## WHAT YOU WILL DO
Look through the data below for the line with "I I Documentation…" and the line with "This page presents", then transcribe exactly from the first through the second, leaving out all pictures.

(Dataset items)
- Opening Delimiter -
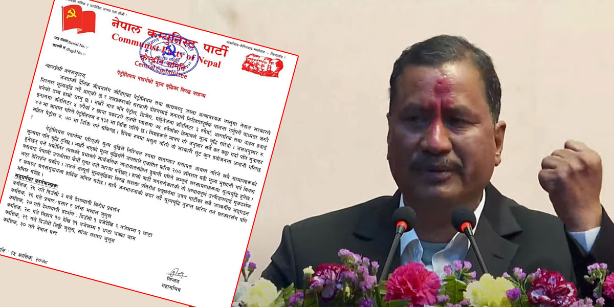 पेट्रोलियम पदार्थको मूल्यवृद्धिको विरोधमा विप्लव नेकपाद्वारा आन्दोलन घोषणा
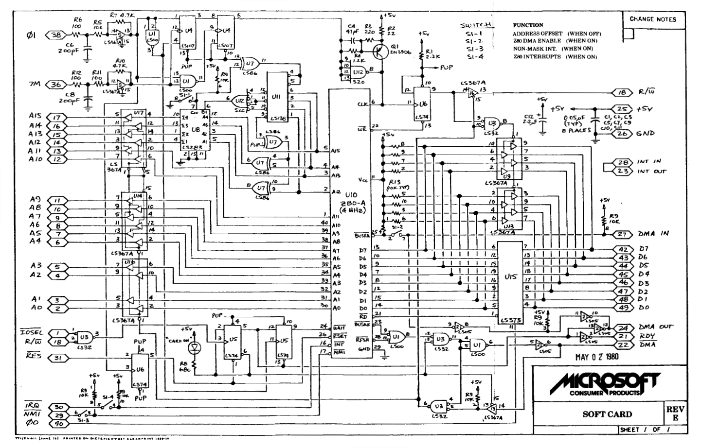 …E - Schematic.png Microsoft Softcard rev E Schematic Schematics Microsoft Soft Card [Z80] Cards Interface Cards Apple I I Documentation…
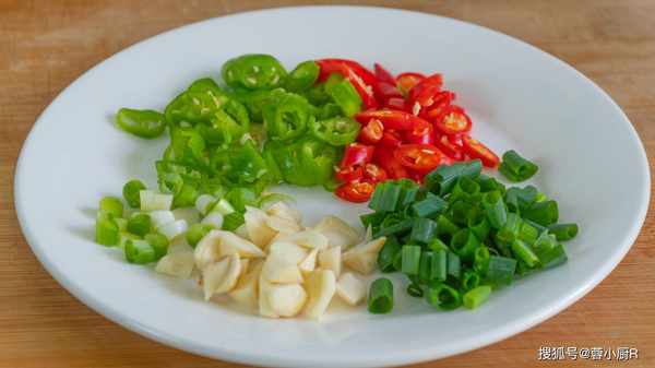 5、青椒2個,洗凈後去籽切成小丁;小米椒3個,洗凈後切成小圈圈。不能吃辣椒的可以不放;小蔥2根,洗凈後切蔥花。蔥白和蔥綠記得分開裝;大蒜半頭,剝殼後切片。
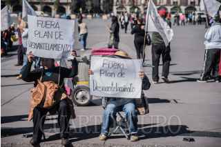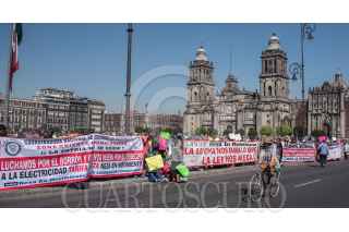 CIUDAD DE MÉXICO, 25ENERO2019.- Decenas de vecinos de Nezahualcóyotl e integrantes de la Asociación Nacional de Usuarios de Energía Eléctrica se manifestaron en la explanada del Zócalo Capitalino para protestar en contra del Plan de Desmantelamiento, y solicitarle al gobierno federal se conceda "borrón y cuenta nueva" en deudas por el concepto de consumo de energía eléctrica pendientes. FOTO: MARIO JASSO /CUARTOSCURO.COM
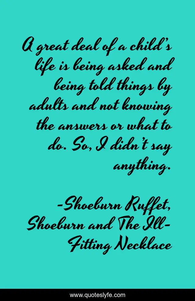 This page presents the quote "A great deal of a child’s life is being asked and being told things by adults and not knowing the answers or what to do. So, I didn’t say anything.". Author of this quote is Shoeburn Ruffet, Shoeburn and The Ill-Fitting Necklace. This quote is about mystery, middle-grade, humor, children, fiction,.
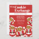 Um convite para festas de troca de biscoitos divertidos com um esquema de cor vermelha e branca que apresenta cinco Santas, sorridentes, pão de gengibre.
- Closing Delimiter -
## WRITTEN ANSWER
 …E - Schematic.png Microsoft Softcard rev E Schematic Schematics Microsoft Soft Card [Z80] Cards Interface Cards Apple I I Documentation…
 5、青椒2個,洗凈後去籽切成小丁;小米椒3個,洗凈後切成小圈圈。不能吃辣椒的可以不放;小蔥2根,洗凈後切蔥花。蔥白和蔥綠記得分開裝;大蒜半頭,剝殼後切片。
 CIUDAD DE MÉXICO, 25ENERO2019.- Decenas de vecinos de Nezahualcóyotl e integrantes de la Asociación Nacional de Usuarios de Energía Eléctrica se manifestaron en la explanada del Zócalo Capitalino para protestar en contra del Plan de Desmantelamiento, y solicitarle al gobierno federal se conceda "borrón y cuenta nueva" en deudas por el concepto de consumo de energía eléctrica pendientes. FOTO: MARIO JASSO /CUARTOSCURO.COM
 This page presents the quote "A great deal of a child’s life is being asked and being told things by adults and not knowing the answers or what to do. So, I didn’t say anything.". Author of this quote is Shoeburn Ruffet, Shoeburn and The Ill-Fitting Necklace. This quote is about mystery, middle-grade, humor, children, fiction,.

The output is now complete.